_WHAT YOU SHOULD DO_. The lines from the one containing "房型が崩れていたり、穴あきの" through the last line below, both ends included, must be reproduced exactly, with no pictures.

_GIVEN INFORMATION_.
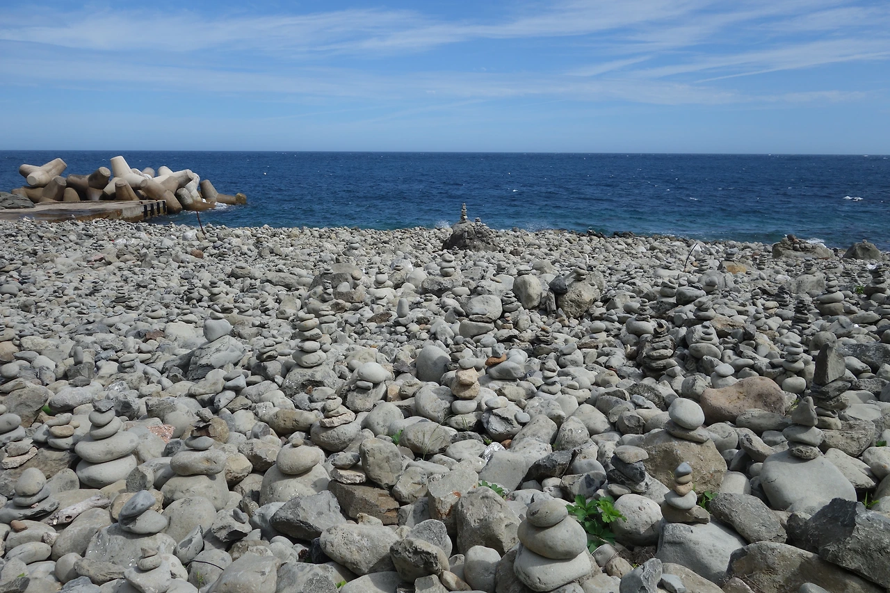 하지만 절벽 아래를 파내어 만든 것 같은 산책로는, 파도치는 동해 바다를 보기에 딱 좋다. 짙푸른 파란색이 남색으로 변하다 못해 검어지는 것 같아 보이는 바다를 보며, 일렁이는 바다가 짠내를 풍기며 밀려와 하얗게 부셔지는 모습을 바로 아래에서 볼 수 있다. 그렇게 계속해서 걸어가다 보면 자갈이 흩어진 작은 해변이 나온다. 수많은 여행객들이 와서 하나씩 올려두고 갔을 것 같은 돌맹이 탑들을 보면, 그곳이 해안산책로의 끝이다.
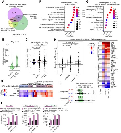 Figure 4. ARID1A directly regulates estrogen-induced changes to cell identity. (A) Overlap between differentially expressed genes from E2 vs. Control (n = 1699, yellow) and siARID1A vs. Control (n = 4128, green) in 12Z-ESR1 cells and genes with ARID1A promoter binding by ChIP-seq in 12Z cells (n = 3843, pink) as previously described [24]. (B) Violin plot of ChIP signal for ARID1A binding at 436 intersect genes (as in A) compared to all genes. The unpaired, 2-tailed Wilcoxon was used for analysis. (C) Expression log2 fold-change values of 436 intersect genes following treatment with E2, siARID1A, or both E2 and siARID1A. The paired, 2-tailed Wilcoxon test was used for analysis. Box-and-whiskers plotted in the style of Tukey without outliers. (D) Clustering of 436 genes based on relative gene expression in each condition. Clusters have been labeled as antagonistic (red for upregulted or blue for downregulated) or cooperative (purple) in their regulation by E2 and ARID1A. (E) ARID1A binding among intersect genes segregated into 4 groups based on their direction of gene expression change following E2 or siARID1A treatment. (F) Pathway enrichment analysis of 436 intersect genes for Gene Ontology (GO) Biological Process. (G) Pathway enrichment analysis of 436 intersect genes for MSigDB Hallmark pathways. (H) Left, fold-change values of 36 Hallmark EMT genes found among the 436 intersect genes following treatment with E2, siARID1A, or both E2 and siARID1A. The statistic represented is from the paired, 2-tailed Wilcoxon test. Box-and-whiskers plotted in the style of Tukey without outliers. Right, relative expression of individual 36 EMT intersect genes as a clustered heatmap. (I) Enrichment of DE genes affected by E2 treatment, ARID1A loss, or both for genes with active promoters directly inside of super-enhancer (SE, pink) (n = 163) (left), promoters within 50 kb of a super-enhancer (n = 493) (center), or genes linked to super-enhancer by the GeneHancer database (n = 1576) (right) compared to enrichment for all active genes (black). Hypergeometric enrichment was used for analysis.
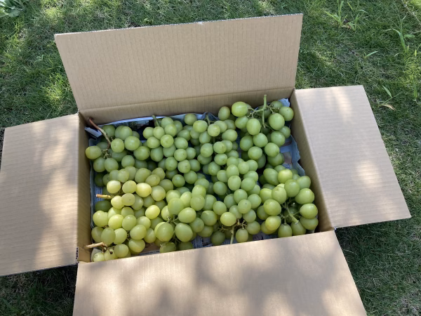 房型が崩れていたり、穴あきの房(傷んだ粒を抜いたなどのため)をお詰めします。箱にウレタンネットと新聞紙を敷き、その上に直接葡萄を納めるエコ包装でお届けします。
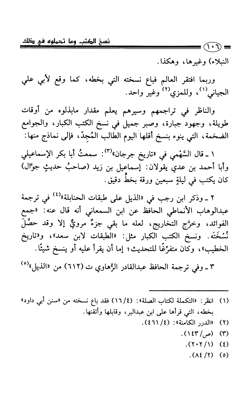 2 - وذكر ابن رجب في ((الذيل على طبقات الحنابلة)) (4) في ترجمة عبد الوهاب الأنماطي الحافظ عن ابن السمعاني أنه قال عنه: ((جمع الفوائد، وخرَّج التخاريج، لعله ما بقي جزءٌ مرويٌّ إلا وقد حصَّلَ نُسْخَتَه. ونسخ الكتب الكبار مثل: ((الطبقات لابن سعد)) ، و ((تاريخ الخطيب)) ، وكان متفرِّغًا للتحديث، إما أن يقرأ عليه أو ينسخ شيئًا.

_EXERCISE OUTPUT_.
 房型が崩れていたり、穴あきの房(傷んだ粒を抜いたなどのため)をお詰めします。箱にウレタンネットと新聞紙を敷き、その上に直接葡萄を納めるエコ包装でお届けします。
 2 - وذكر ابن رجب في ((الذيل على طبقات الحنابلة)) (4) في ترجمة عبد الوهاب الأنماطي الحافظ عن ابن السمعاني أنه قال عنه: ((جمع الفوائد، وخرَّج التخاريج، لعله ما بقي جزءٌ مرويٌّ إلا وقد حصَّلَ نُسْخَتَه. ونسخ الكتب الكبار مثل: ((الطبقات لابن سعد)) ، و ((تاريخ الخطيب)) ، وكان متفرِّغًا للتحديث، إما أن يقرأ عليه أو ينسخ شيئًا.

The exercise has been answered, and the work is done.